The star pattern is popular because it makes analytics easier. Analysts can join facts to dimensions and group by business attributes. BI tools understand the shape. Metric definitions can be centralized.

Star schema: when it is the right answer

A star schema is usually the right default for curated analytics layers. It works especially well when:

• Many teams query the same business entities.
• You need consistent dimensions across facts.
• Metrics must be auditable and reusable.
• The warehouse feeds BI tools, semantic layers, or finance reporting.
• History matters and dimensions need versioning.

The advantages are clear. Fact tables stay narrow and scalable. Dimensions centralize business attributes. Analysts can combine facts consistently. Changes to product categories, customer segments, or plan names can be managed in one place.

The cost is complexity. Users need to understand joins. Poorly designed dimensions can create fanout. Many small tables can slow exploratory work if the warehouse or BI layer is not optimized. For early-stage products, a full star schema can be overkill.

A strong interview answer frames star schema as a stable analytics contract, not a religious rule. "For the curated layer used by finance and company dashboards, I would use a star schema so metric definitions and historical attributes are consistent. For exploratory product analytics, I might also provide a denormalized table."

Slowly-changing dimensions: Type 1, Type 2, and practical history

Slowly-changing dimensions, or SCDs, handle attributes that change over time. Examples: customer segment, sales territory, product category, account owner, company size, plan tier, employer industry, or user country.
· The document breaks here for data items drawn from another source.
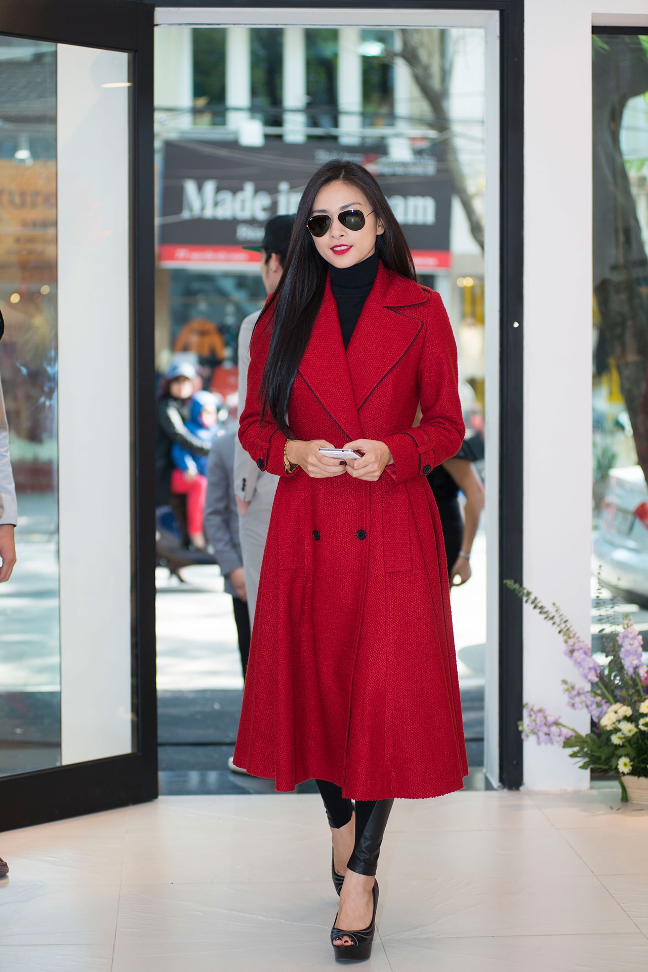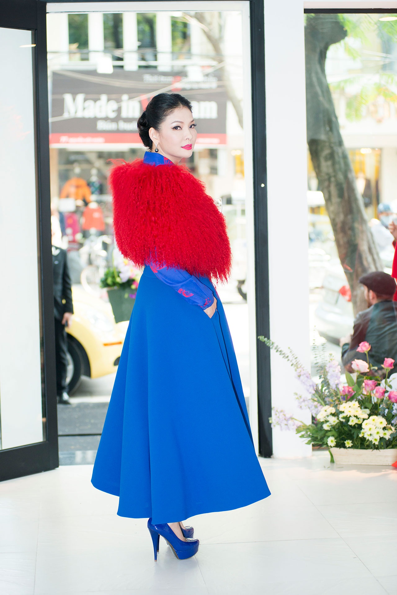 Cựu người mẫu Thủy Hương phối trang phục khá ấn tượng với khăn choàng lông gam đỏ hòa hợp với trang phục thu đông.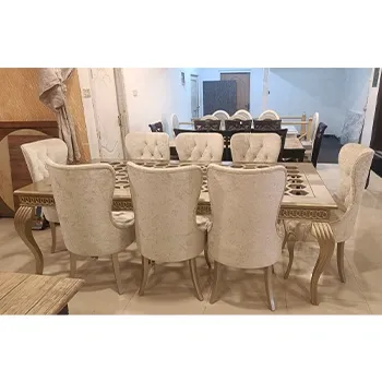 This dining table set comes with a large table and 8 comfortable chairs. The table has a stylish top design and strong carved legs. The chairs are soft and comfortable with a high back. Perfect for big families and dinner parties.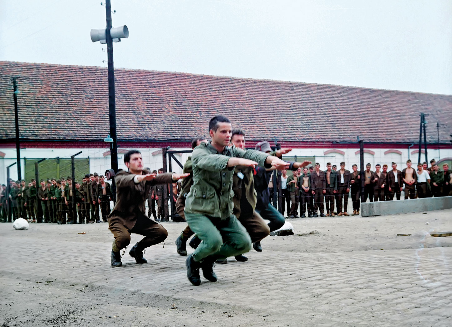 Druga dyscyplina: kolarstwo. Ale jak w nazistowskim obozie można ścigać się na rowerach? Potrzeba jest matką wynalazków. Klecą stacjonarny rower, czyli „dwa szpitalne taboreciki spojone rowerową ramą pochodzącą ze starego, zdezelowanego »Pucha«, który był służbowym środkiem lokomocji Rogera [Viriona]” – wspomni Niewiadomski. Francuz, Jugosłowianin, Holender, Norweg, Polak (ten zmacha się tak bardzo, że po zakończeniu konkurencji padnie, a z jego oka wypłynie strużka krwi)... Virion przyprowadza pojedynczo „chorych” olimpijczyków do lazaretu. Każdy ma pięć minut, musi pedałować z całych sił, wygrywa ten, kto „zajedzie” najdalej. Belg – to on bije wszelkie jenieckie rekordy i zostaje złotym medalistą. Polacy poza podium.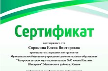 23-24 января 2021 года в Казани состоялся Международный конкурс искусств «Симфония талантов». Ученица нашей школы Камалова Зухра, преподаватель Гараева Ильмира Расиховна, стала Лауреатом 2 степени!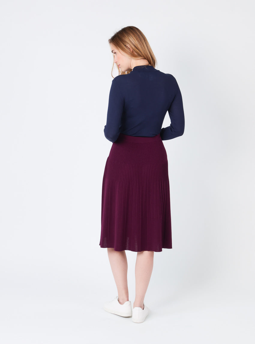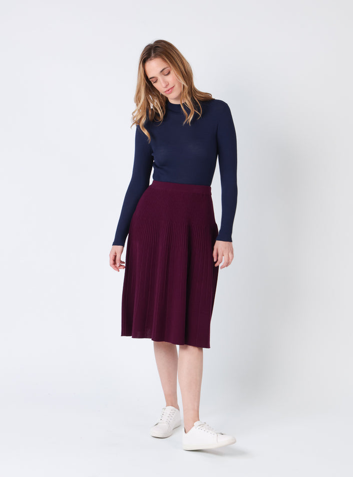 Cette jupe plissée en laine mérinos est un essentiel d’élégance et de féminité. Sa coupe fluide et son tombé impeccable soulignent la silhouette to...

The three common approaches:

| SCD type | Behavior | Use when | |---|---|---| | Type 0 | Never change the original value | Immutable attributes like original signup date or first acquisition channel | | Type 1 | Overwrite with the latest value | Corrections or attributes where history does not matter | | Type 2 | Add a new version row with effective dates | Historical reporting must reflect the attribute at event time |

Type 1 is simple but destroys history. If a customer moves from SMB to Enterprise and you overwrite segment, last year's revenue will now appear to have come from Enterprise. That might be wrong for historical reporting.

Type 2 preserves history by creating versioned rows:

• customer_key: surrogate key for the version
• customer_id: natural business key
• segment
• effective_start_at
• effective_end_at
• is_current

Facts join to the dimension version valid at the event time. That allows revenue from January to be attributed to SMB and revenue after the upgrade to Enterprise.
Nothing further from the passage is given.